▶ **PROBLEM REQUIREMENTS**: Leaving pictures aside, restate exactly the lines of the data below, from the first one through the line that contains "Ingredients: Hard Cider, Sugar, Colour".

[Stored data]
____________

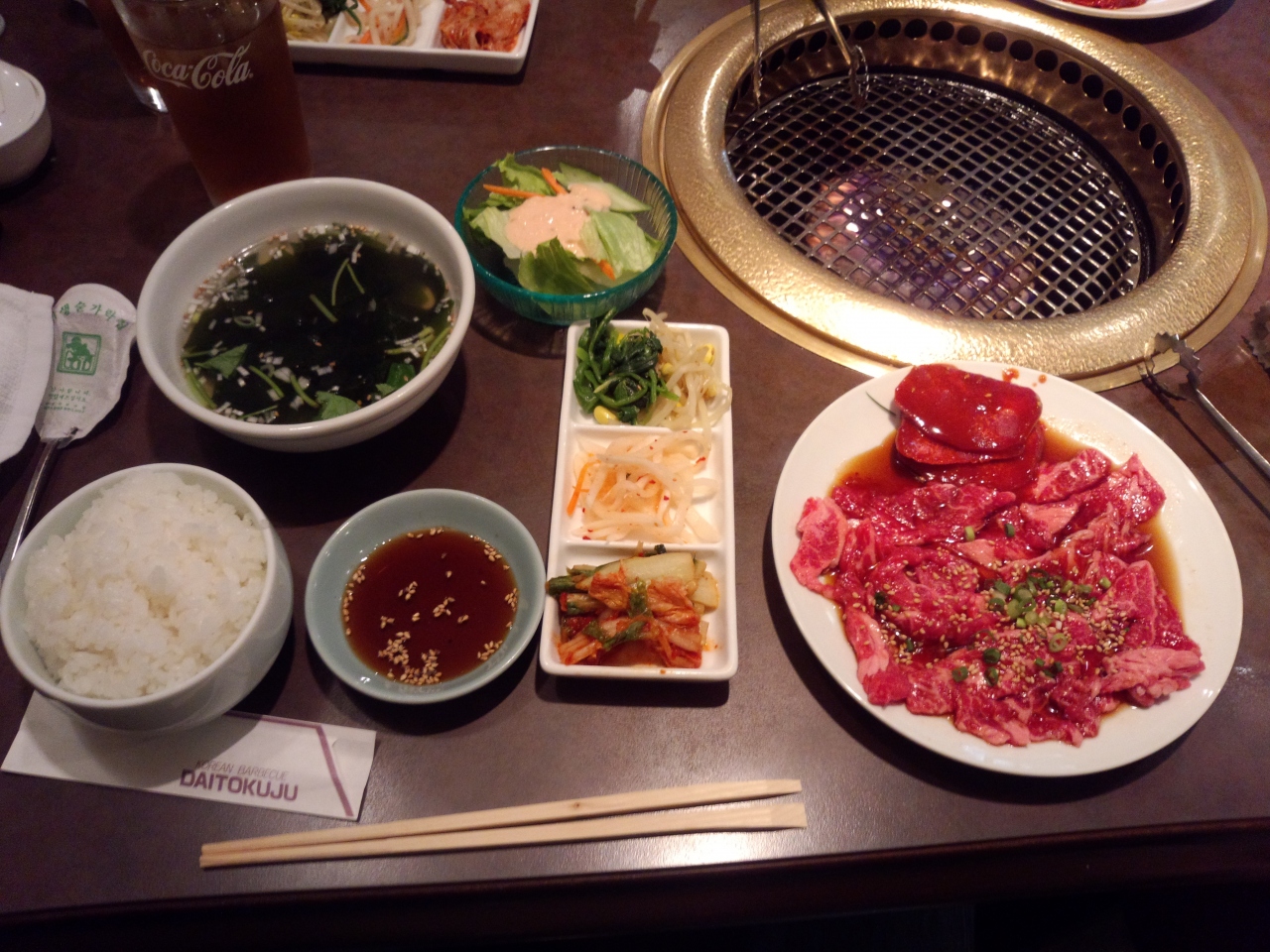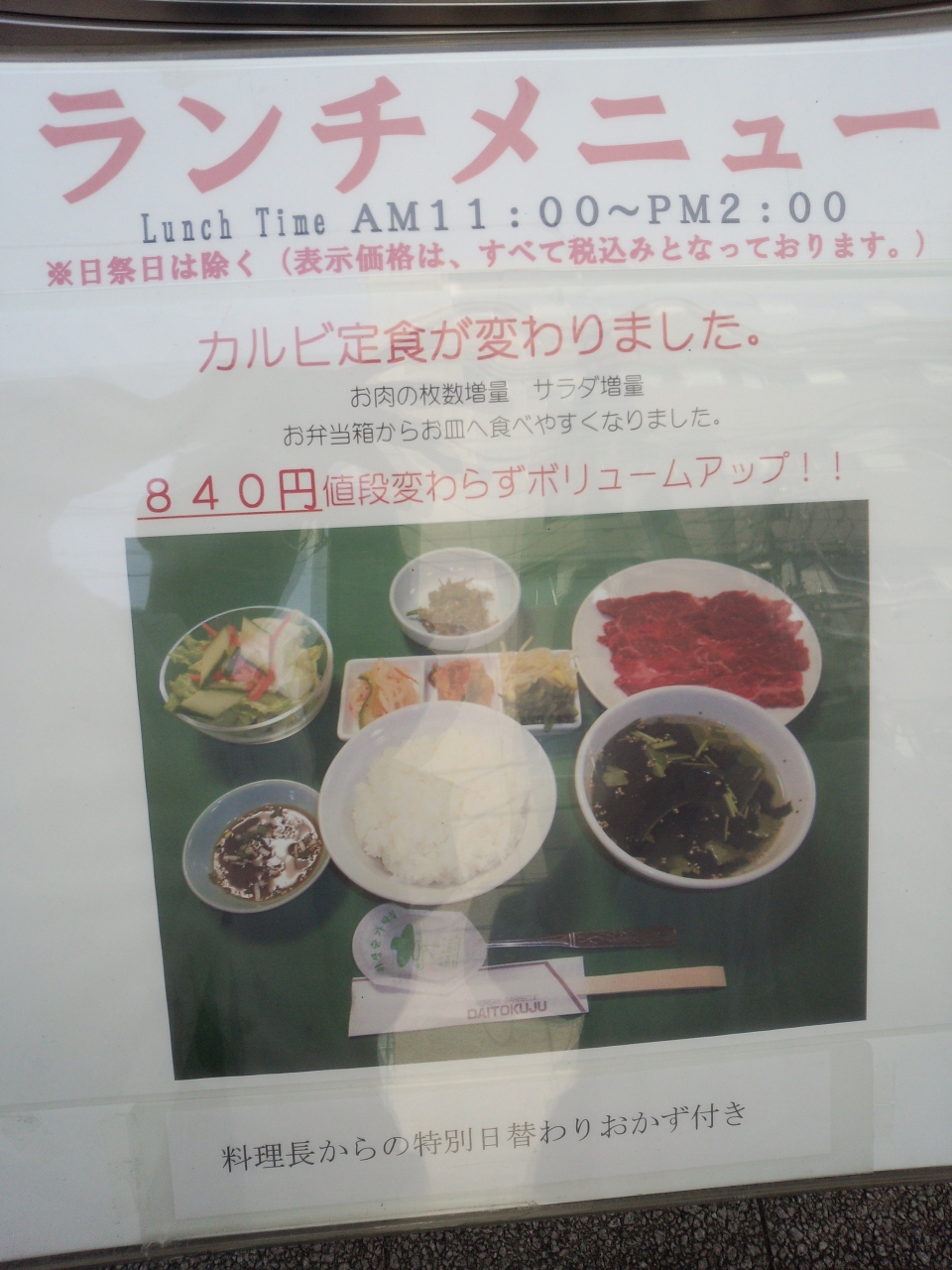 840円で焼肉のカルビ、スープ、ナムルにサラダも付いているので、大変お得だと思います。
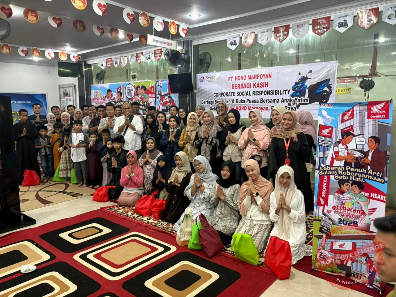 Wujud Nyata Kepedulian Lingkungan (CSR) Sebagai bentuk tanggung jawab sosial perusahaan (CSR), HOHO Marpoyan mengundang 20 anak yatim yang berdomisili di sekitar lingkungan dealer. Tidak sekadar berbuka puasa, manajemen juga memberikan santunan berupa sembako dan tali asih sebagai wujud kepedulian terhadap sesama.
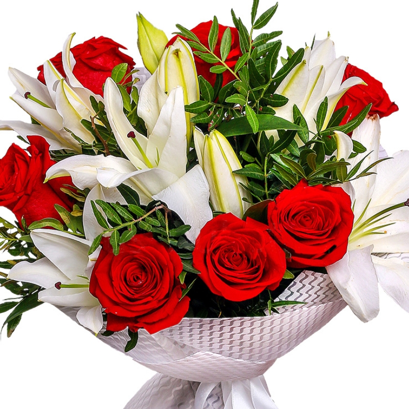 Букет состоит из 7 красных роз, 3 ветки белой лилии, красивая упаковка, атласная лента.
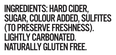 Ingredients: Hard Cider, Sugar, Colour Added, Sulfites (To Preserve Freshness) Contains: Sulfites
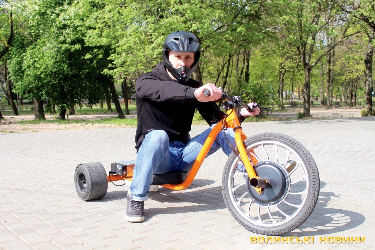 Водій за кермом перебуває практично напівлежачи. У його розпорядженні – гальма та педаль газу. Ногами впирається на виступи, що додані до переднього колеса. Якщо важіль гальм нагадує мотоциклетний чи велосипедний, то кнопка для газу – маленька й підлаштована під великий палець. Це зроб¬лено для того, аби координувати рух під час вивороту керма.Виріб недешевий – у межах півтори тисячі доларів. Найдорожчими деталями є тонкий електродвигун, схований у переднє титанове колесо, та акумулятор, що кріпиться за сидінням. Заводиться пристрій ключем, а заряджається від звичайної розетки, як електромобіль. Потужність акумулятора дозволяє інтенсивно їздити до 3-3,5 годин, переконує співрозмовник. До чотирьох годин потрібно для повного заряду. Акумулятора вистачає на 2-2,5 тисячі циклів заряду-розряду.
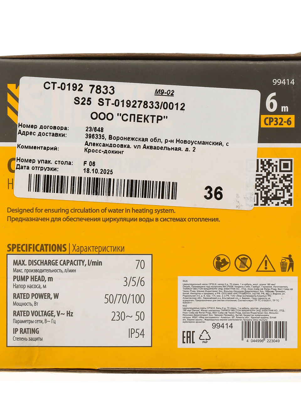 Циркуляционный насос Denzel CP32-6 — надёжное решение для отопления дома и дачи: экономия энергии, напор до 6 м, гарантия 36 месяцев.
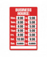 Attention-getting, red plastic sign with front display is easily customized and updated. Includes two sheets of static cling letters and numbers plus seven "CLOSED" stickers.
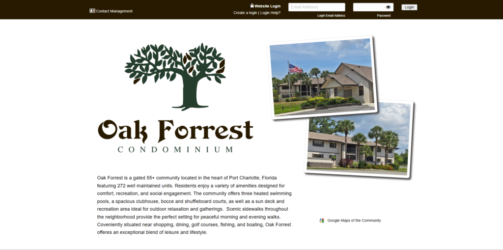 Oak Forrest is a gated 55+ community located in the heart of Port Charlotte, Florida featuring 272 well maintained units. Residents enjoy a variety of amenities designed for comfort, recreation, and social engagement. The community offers three heated swimming pools, a spacious clubhouse, bocce and shuffleboard courts, as well as a sun deck and recreation area ideal for outdoor relaxation and gatherings. Scenic sidewalks throughout the neighborhood provide the perfect setting for peaceful morning and evening walks. Coveniently situated near shopping, dining, golf courses, fishing, and boating, Oak Forrest offeres an exceptional blend of leisure and lifestyle.

____________

▶ **SOLUTION FOR THIS TASK**:
 840円で焼肉のカルビ、スープ、ナムルにサラダも付いているので、大変お得だと思います。
 Wujud Nyata Kepedulian Lingkungan (CSR) Sebagai bentuk tanggung jawab sosial perusahaan (CSR), HOHO Marpoyan mengundang 20 anak yatim yang berdomisili di sekitar lingkungan dealer. Tidak sekadar berbuka puasa, manajemen juga memberikan santunan berupa sembako dan tali asih sebagai wujud kepedulian terhadap sesama.
 Букет состоит из 7 красных роз, 3 ветки белой лилии, красивая упаковка, атласная лента.
 Ingredients: Hard Cider, Sugar, Colour Added, Sulfites (To Preserve Freshness) Contains: Sulfites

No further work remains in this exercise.